- _Aim of the exercise_
Your answer must be the records below, given again exactly, with no pictures in it.
--- Supplied entries Enclosed Below ---
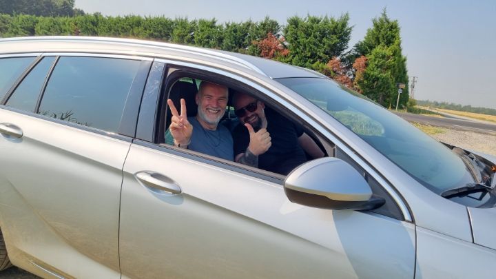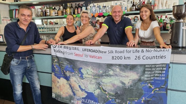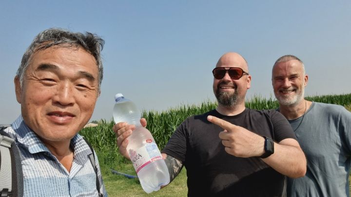 26. While I was doing so, a car was waiting for me. Travelers from the Netherlands were preparing cool bottles of water to cheer the K-traveler who was walking.
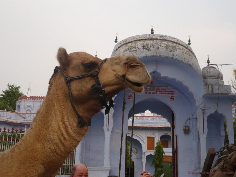Freundlicher Empfang im sehr charmanten, kleinen Heritage Hotel - Surajgart Fort. Wir werden mit Blumenkranz, Trommeln und Erfrischungen von einem fröhlich, freundlichem Hotelmanager begrüßt. Nach einer außergewöhnlichen Kamelkutschfahrt durch den Ort erleben wir ein wunderschönes, romantisches Abendessen auf der Dachterrasse mit Musik und Marionettentheater. Ein paar Besucher werden als Maharani und Maharadscha verkleidet, was zu allgemeinem Gelächter führt.
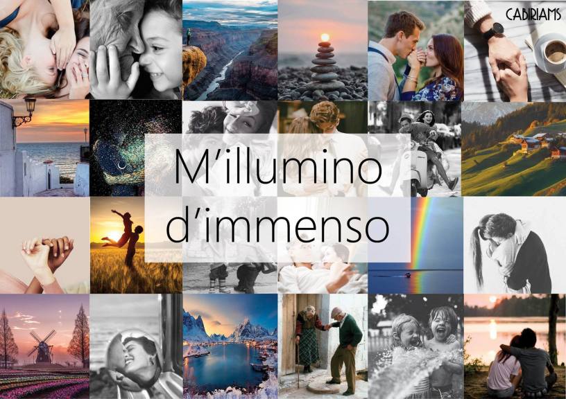 E se le parole “M’ILLUMINO D’IMMENSO” non si riferissero a qualcosa di aulico, riservato solamente a chi si intende di poesia? Se ognuno potesse trovare nella vita di tutti i giorni qualcosa che lo faccia illuminare d’immenso?
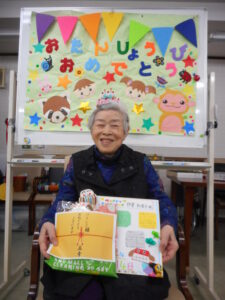 誕生日プレゼントとスタッフからのメッセージをとても喜んで頂いております。
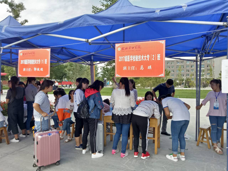 2017年,我系開設(shè)醫(yī)學(xué)檢驗技術(shù)、康復(fù)治療技術(shù)、口腔醫(yī)學(xué)技術(shù)三個專業(yè),計劃招生408人,截止目前,各專業(yè)新生實際報到372人,報到率91%,順利完成了2017級新生報到工作。
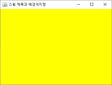 1. 아래 그림과 같은 스위 프로그램을 작성하시오.( 크기는 400 * 300, 배경색은 노랑색 )
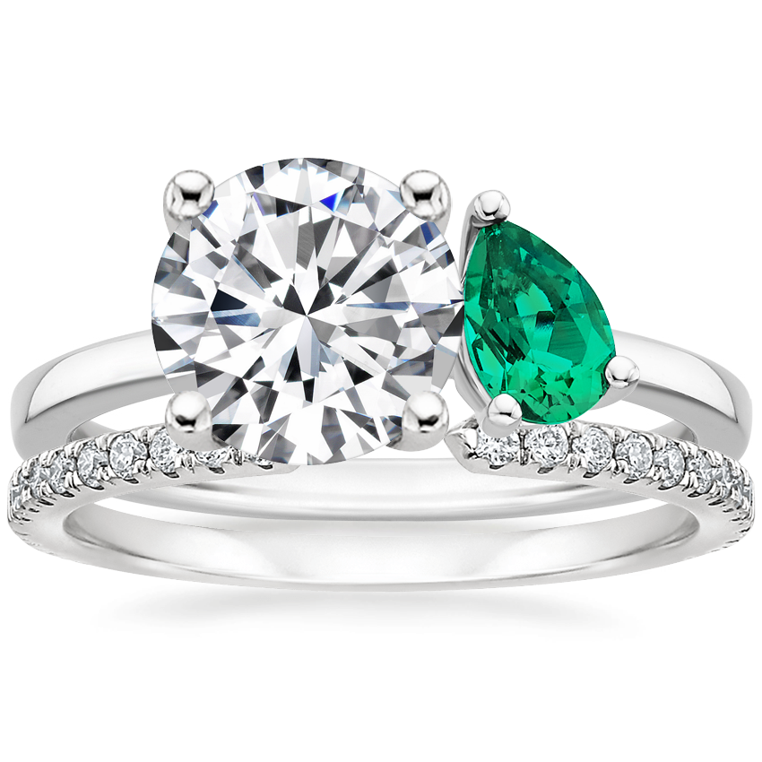 Platinum Viridian Toi et Moi Diamond Ring with Luxe Sia Diamond Open Ring (1/5 ct. tw.)
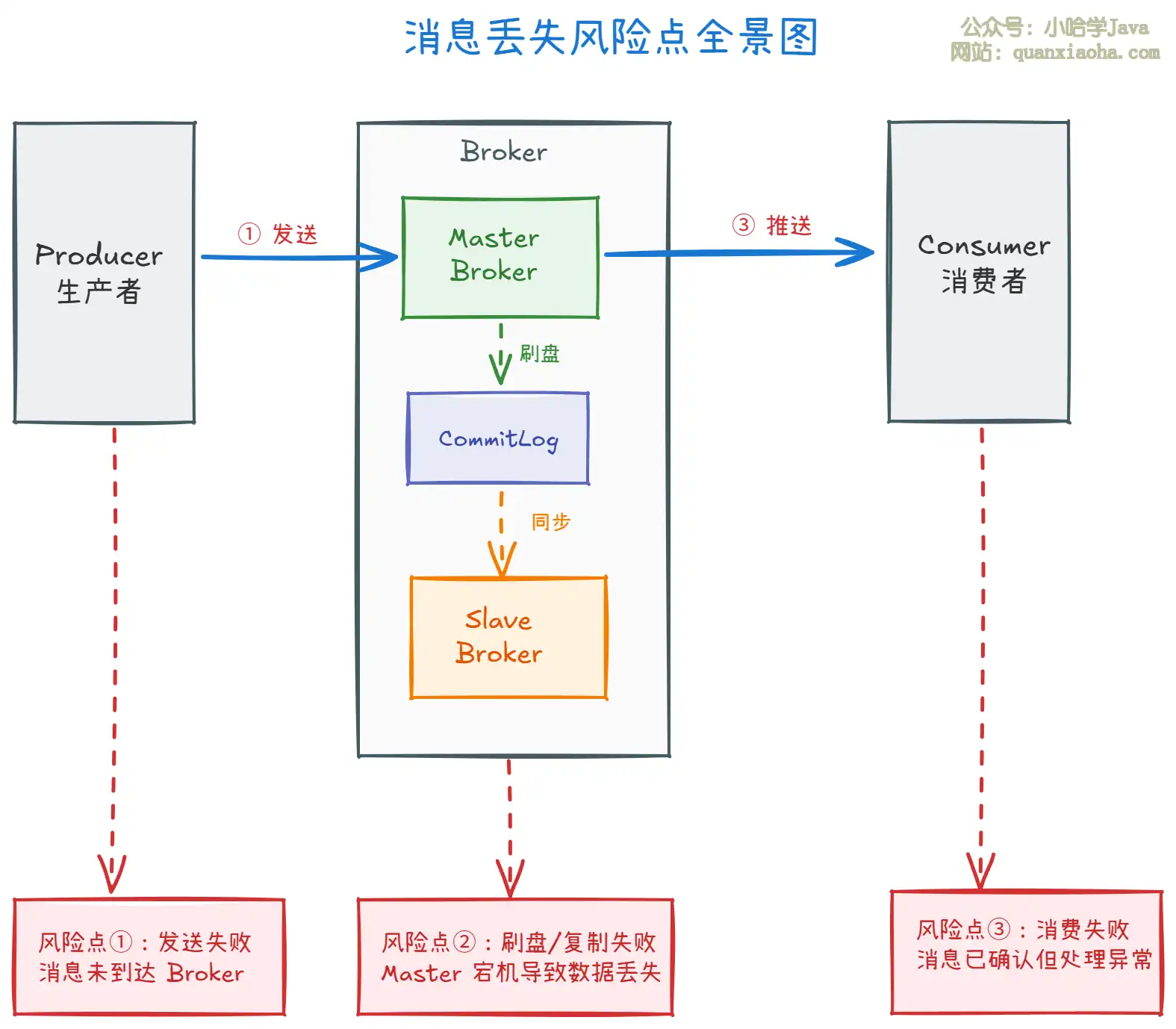 上图展示了消息从生产到消费全链路中可能丢失的三个关键风险点:
--- End of Enclosed Supplied entries ---
- _Solved exercise_
 26. While I was doing so, a car was waiting for me. Travelers from the Netherlands were preparing cool bottles of water to cheer the K-traveler who was walking.
Freundlicher Empfang im sehr charmanten, kleinen Heritage Hotel - Surajgart Fort. Wir werden mit Blumenkranz, Trommeln und Erfrischungen von einem fröhlich, freundlichem Hotelmanager begrüßt. Nach einer außergewöhnlichen Kamelkutschfahrt durch den Ort erleben wir ein wunderschönes, romantisches Abendessen auf der Dachterrasse mit Musik und Marionettentheater. Ein paar Besucher werden als Maharani und Maharadscha verkleidet, was zu allgemeinem Gelächter führt.
 E se le parole “M’ILLUMINO D’IMMENSO” non si riferissero a qualcosa di aulico, riservato solamente a chi si intende di poesia? Se ognuno potesse trovare nella vita di tutti i giorni qualcosa che lo faccia illuminare d’immenso?
 誕生日プレゼントとスタッフからのメッセージをとても喜んで頂いております。
 2017年,我系開設(shè)醫(yī)學(xué)檢驗技術(shù)、康復(fù)治療技術(shù)、口腔醫(yī)學(xué)技術(shù)三個專業(yè),計劃招生408人,截止目前,各專業(yè)新生實際報到372人,報到率91%,順利完成了2017級新生報到工作。
 1. 아래 그림과 같은 스위 프로그램을 작성하시오.( 크기는 400 * 300, 배경색은 노랑색 )
 Platinum Viridian Toi et Moi Diamond Ring with Luxe Sia Diamond Open Ring (1/5 ct. tw.)
 上图展示了消息从生产到消费全链路中可能丢失的三个关键风险点:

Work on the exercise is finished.